This reminds me of Antirez's "Don't fall into the anti-AI hype" [0]

In a sentence: These foundation models are really good at optimizing these extremely high level, extremely well defined problem spaces (ie multiply matrices faster). In Antirez's case, it's "make Redis faster".

There have been two reactions: "Oh it would never work for me" and "I have seen months of my life accomplished in an hour", and I think they're both right.

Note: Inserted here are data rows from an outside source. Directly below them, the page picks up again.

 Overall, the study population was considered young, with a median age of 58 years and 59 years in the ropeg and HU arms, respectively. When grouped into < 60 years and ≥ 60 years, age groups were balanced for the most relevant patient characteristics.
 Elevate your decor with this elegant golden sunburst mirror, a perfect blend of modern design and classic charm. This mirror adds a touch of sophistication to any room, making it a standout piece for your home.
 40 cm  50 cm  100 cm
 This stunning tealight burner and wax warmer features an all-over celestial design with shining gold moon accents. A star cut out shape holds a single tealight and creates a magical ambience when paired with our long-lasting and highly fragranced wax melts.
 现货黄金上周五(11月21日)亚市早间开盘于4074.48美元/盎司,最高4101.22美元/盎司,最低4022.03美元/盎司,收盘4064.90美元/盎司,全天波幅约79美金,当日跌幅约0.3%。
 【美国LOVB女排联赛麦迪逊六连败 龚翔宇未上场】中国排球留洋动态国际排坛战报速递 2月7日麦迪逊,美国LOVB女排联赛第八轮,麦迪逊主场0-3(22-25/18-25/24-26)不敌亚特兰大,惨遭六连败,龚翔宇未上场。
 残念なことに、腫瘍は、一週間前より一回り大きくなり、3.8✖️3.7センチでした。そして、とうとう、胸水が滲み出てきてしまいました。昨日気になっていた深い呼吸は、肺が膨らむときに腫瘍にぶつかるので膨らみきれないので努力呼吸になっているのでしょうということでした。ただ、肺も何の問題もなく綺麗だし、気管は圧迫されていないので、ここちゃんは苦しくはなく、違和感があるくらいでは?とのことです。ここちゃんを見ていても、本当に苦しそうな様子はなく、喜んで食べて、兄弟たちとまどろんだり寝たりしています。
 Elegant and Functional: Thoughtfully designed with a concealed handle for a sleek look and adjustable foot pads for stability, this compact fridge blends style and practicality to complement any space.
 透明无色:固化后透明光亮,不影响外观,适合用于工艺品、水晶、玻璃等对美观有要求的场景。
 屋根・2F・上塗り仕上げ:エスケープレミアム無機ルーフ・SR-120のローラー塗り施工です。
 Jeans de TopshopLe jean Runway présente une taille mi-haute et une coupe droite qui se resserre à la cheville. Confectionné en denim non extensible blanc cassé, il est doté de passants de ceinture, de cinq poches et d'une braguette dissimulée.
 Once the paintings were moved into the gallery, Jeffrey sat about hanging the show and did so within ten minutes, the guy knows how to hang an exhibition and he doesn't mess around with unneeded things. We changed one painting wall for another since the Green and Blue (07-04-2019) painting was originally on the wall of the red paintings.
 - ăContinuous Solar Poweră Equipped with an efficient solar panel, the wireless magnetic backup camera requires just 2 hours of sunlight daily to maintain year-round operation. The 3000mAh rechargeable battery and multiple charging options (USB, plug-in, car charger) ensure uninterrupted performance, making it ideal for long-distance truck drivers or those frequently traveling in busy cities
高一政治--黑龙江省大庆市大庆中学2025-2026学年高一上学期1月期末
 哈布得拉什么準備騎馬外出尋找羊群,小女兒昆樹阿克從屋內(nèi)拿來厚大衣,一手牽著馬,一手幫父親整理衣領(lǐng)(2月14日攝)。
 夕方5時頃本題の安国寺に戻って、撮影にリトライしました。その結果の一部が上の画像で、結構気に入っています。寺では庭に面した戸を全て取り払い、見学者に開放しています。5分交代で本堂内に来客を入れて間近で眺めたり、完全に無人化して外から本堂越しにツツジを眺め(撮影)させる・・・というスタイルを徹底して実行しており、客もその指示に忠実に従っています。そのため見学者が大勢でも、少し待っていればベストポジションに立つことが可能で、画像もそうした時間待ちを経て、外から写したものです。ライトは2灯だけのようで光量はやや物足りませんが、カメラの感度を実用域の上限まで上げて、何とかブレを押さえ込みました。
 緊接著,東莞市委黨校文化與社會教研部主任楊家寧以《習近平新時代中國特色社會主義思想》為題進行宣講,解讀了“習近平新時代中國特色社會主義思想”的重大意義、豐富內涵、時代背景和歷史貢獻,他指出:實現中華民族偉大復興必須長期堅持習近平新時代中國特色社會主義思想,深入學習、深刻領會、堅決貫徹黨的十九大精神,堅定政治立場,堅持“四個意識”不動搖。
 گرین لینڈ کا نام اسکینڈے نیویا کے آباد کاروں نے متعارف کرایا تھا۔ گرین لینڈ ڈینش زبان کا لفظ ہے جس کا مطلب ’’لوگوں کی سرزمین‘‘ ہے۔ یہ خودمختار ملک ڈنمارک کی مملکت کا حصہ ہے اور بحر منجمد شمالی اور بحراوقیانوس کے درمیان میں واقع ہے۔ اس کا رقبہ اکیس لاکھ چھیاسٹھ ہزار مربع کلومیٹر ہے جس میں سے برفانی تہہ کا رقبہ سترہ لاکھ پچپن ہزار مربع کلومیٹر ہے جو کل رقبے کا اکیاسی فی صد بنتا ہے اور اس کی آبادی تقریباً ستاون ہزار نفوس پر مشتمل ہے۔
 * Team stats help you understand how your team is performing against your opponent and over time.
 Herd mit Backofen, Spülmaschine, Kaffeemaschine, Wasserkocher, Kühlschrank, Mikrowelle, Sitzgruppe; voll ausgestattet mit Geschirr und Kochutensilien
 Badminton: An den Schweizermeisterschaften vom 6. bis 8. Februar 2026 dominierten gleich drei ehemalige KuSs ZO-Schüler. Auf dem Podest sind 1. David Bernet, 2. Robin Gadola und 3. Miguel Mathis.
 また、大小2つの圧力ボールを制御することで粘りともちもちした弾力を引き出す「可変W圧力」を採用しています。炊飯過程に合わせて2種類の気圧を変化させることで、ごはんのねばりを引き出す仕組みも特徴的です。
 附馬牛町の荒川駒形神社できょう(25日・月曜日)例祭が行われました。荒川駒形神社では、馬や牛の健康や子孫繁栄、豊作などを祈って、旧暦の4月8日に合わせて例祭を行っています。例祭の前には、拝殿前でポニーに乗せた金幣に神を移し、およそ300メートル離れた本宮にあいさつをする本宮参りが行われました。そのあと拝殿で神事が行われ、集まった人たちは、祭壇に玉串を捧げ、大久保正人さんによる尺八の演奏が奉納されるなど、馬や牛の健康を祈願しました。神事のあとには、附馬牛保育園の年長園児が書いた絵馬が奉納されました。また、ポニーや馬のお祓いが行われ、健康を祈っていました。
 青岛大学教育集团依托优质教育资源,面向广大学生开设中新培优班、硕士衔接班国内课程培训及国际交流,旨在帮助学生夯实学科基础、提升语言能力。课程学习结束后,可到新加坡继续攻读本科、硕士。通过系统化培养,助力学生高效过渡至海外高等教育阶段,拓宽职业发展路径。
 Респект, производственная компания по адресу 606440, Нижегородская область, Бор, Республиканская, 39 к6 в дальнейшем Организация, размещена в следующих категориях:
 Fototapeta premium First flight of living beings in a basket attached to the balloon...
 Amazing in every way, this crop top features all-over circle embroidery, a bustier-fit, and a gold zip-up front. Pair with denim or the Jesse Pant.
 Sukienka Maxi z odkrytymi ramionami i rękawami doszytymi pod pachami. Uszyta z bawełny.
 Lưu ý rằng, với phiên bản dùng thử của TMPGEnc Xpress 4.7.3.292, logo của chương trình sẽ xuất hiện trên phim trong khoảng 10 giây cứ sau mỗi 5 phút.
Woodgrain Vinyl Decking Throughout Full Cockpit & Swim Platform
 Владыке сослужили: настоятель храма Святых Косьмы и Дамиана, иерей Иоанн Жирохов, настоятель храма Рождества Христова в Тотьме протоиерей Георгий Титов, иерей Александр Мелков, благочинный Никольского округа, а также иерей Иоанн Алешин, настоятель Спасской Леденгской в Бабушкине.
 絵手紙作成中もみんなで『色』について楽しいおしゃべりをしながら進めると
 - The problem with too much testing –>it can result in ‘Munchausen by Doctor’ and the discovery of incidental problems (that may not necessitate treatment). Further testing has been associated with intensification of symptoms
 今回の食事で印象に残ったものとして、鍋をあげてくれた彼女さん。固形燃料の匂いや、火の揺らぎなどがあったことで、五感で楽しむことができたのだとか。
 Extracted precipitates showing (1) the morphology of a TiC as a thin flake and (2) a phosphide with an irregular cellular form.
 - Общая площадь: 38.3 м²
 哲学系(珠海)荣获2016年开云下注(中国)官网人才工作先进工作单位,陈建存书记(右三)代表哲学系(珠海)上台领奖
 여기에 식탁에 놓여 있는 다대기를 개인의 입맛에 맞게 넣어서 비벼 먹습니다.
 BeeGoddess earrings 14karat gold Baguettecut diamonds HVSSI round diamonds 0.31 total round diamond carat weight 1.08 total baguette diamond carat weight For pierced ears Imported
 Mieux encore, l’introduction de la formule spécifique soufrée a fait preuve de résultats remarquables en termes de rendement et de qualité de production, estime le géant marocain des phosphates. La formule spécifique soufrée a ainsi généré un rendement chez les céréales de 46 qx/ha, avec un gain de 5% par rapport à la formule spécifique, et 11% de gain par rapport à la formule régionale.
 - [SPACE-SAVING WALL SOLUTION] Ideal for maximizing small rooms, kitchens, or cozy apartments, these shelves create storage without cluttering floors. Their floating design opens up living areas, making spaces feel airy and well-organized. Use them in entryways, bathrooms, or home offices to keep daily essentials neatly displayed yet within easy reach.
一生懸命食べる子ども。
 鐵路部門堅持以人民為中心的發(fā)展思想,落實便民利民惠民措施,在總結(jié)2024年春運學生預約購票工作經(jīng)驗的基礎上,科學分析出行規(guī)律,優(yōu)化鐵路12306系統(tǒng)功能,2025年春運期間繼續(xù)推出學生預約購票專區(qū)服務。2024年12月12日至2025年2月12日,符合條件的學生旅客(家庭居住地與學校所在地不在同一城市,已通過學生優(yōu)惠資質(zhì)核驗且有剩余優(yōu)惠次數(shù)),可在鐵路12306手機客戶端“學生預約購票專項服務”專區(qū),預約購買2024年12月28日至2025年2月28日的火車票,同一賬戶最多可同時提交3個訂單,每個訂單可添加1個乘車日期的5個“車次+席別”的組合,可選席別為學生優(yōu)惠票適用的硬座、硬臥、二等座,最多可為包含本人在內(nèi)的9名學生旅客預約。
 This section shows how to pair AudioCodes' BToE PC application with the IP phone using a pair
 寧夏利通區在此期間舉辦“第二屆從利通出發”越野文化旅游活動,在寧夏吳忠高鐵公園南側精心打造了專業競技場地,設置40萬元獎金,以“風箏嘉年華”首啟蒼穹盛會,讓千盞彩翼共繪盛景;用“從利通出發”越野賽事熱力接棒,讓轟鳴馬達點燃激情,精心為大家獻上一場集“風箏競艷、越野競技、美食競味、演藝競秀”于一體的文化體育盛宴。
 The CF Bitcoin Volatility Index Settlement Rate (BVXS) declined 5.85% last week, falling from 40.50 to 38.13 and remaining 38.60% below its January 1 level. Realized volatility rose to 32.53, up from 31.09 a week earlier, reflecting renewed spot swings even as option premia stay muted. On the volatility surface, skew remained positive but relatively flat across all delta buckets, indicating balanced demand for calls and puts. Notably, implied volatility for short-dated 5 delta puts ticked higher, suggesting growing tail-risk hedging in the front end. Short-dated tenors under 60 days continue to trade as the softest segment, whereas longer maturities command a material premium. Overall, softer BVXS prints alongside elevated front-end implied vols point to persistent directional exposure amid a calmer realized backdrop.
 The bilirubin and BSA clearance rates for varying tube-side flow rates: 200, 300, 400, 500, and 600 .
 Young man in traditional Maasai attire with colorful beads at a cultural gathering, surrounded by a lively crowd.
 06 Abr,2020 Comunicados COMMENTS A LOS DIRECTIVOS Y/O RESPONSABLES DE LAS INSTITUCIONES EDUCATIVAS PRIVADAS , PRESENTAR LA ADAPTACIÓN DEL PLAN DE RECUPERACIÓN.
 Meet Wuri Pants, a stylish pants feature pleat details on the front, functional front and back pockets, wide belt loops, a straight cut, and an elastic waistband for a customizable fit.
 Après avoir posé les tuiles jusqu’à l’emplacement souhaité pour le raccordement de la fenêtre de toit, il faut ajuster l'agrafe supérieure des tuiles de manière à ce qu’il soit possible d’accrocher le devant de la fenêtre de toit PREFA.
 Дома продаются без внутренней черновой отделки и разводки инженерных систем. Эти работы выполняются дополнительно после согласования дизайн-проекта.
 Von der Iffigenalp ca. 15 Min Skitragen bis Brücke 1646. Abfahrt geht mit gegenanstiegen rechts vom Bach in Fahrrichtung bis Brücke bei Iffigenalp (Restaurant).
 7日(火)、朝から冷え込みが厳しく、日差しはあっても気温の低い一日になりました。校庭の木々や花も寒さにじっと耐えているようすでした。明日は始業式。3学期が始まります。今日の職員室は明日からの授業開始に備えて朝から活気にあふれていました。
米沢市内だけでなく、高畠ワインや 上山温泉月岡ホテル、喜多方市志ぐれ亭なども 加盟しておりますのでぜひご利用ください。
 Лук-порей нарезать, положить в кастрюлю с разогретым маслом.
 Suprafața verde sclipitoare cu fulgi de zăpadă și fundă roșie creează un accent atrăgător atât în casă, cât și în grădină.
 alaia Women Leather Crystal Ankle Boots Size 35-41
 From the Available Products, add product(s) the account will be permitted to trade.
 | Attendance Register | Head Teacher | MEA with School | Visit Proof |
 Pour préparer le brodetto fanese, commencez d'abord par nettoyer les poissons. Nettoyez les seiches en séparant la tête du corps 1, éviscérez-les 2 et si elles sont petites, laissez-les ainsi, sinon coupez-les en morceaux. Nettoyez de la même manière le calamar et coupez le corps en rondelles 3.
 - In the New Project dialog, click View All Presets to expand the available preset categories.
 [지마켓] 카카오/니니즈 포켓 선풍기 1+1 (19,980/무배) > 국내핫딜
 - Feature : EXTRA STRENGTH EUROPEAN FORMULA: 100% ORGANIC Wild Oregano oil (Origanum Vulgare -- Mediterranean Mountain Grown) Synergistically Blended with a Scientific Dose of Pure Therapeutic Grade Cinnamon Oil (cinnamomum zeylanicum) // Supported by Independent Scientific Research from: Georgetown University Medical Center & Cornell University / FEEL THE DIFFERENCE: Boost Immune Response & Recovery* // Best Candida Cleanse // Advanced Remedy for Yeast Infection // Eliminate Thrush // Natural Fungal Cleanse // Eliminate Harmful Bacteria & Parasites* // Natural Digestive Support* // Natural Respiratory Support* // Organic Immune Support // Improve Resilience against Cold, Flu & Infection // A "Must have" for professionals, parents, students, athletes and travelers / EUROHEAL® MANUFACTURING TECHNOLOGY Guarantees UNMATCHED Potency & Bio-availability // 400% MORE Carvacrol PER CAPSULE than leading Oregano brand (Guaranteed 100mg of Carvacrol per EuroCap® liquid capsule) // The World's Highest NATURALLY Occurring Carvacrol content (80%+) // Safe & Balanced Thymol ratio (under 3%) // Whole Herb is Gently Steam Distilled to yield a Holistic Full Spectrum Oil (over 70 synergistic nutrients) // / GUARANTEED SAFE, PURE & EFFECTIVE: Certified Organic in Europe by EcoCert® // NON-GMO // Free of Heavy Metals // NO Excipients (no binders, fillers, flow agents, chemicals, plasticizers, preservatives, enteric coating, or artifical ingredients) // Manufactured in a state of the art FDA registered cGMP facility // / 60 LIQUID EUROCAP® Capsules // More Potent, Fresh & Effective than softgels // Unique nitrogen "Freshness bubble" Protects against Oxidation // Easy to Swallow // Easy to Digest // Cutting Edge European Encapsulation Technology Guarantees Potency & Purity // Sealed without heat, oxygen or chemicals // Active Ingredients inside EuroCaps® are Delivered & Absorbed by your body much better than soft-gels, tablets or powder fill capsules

I think we should be excited for Antirez, (who has since been popping off [1]), and I think the rest of us should rest easy knowing that LLM's can't (and maybe were never meant to) tackle the tacit-knowledge-filled, human-system-centric, ambiguously-defined-problem-space jobs most mortals work.

[0] https://antirez.com/news/158 [1] https://antirez.com/news/164

>I think the rest of us should rest easy knowing that LLM's can't (and maybe were never meant to) tackle the tacit-knowledge-filled, human-system-centric, ambiguously-defined-problem-space jobs most mortals work

I don't believe that anymore, to be honest. Models are starting to get good at ambiguity. Claude Code now asks me when something is ambiguous. Soon, all meetings will be recorded, transcribed and stored in a well-indexed place for the agents to search when faced with ambiguity (free startup idea here!). If they can ask you now, they'll be able to search for the answers themselves once that's possible. In fact, they already do it now if you have a well-documented Notion/Confluence, it's just that nobody has.

It's probably harder to RL for "identify ambiguity" than RL'ing for performance algorithms, sure, but it's not impossible and it's in the works. It's just a matter of time now.

  • > Models are starting to get good at ambiguity

    That's fair, and something I've observed too. I wish I had written "the rest of us shouldn't freak out and quit software today".

    But here's another data point: At the biotech I work for, writing good code has never been the bottleneck. I actually told my boss that a paid Claude vs free subscription wouldn't be that much value because even if it took every piece of code or algorithm we've ever written and 10x-ed the hell out of them, we'd still be bottlenecked by the biology and physics which dictates that we wait 24 days for our histology assay pipeline.

    I have a hunch most fields outside of software are this way. And I'm personally not planning to quit anytime soon.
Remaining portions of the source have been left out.